Chinhai spiny newt
- Conservation status: Critically Endangered (IUCN 3.1)

Scientific classification
- Kingdom: Animalia
- Phylum: Chordata
- Class: Amphibia
- Order: Urodela
- Family: Salamandridae
- Genus: Echinotriton
- Species: E. chinhaiensis
- Binomial name: Echinotriton chinhaiensis (Chang, 1932)
- Synonyms: Tylototriton chinhaiensis Chang, 1932

= Chinhai spiny newt =

- Genus: Echinotriton
- Species: chinhaiensis
- Authority: (Chang, 1932)
- Conservation status: CR
- Synonyms: Tylototriton chinhaiensis Chang, 1932

Species of salamander

The Chinhai spiny newt (Echinotriton chinhaiensis) is a species of salamander in the family Salamandridae, found only in a small section of Zhejiang province in eastern China. Its natural habitats are temperate forests, freshwater marshes, and ponds.

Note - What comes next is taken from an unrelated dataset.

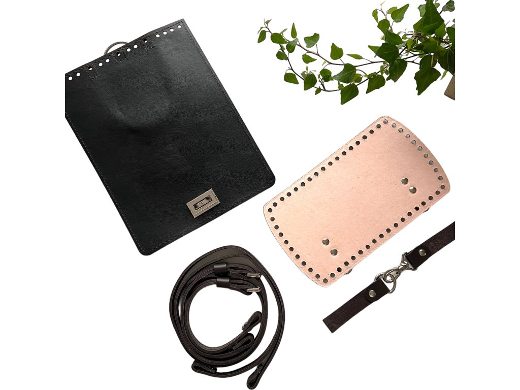 - Klappe mit Verschluss 26*20 cm, Farbe der Rückseite schwarz, 15 vorgestanzte Löcher 3 mm, kurzer Griff 28*1,7 cm, zwei Lederschichten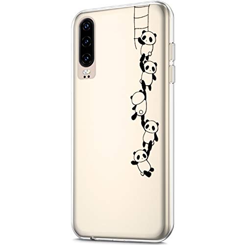 Cover Huawei P30 Custodia,Disegno del modello dipinto arte Ultra Sottile Morbido Trasparente Silicone Custodie Protettivo Crystal TPU Gel Cover Custodia Chic Clear Case Cover,Stringa di panda

The Chinhai spiny newt is unique to the Beilun District east of Ningbo. It is threatened by habitat loss.

Observations of captive animals suggest the Chinhai spiny newt is a late-maturing, long-lived species: they reach sexual maturity at 10 years age or later, and their lifespans are at least 20 years.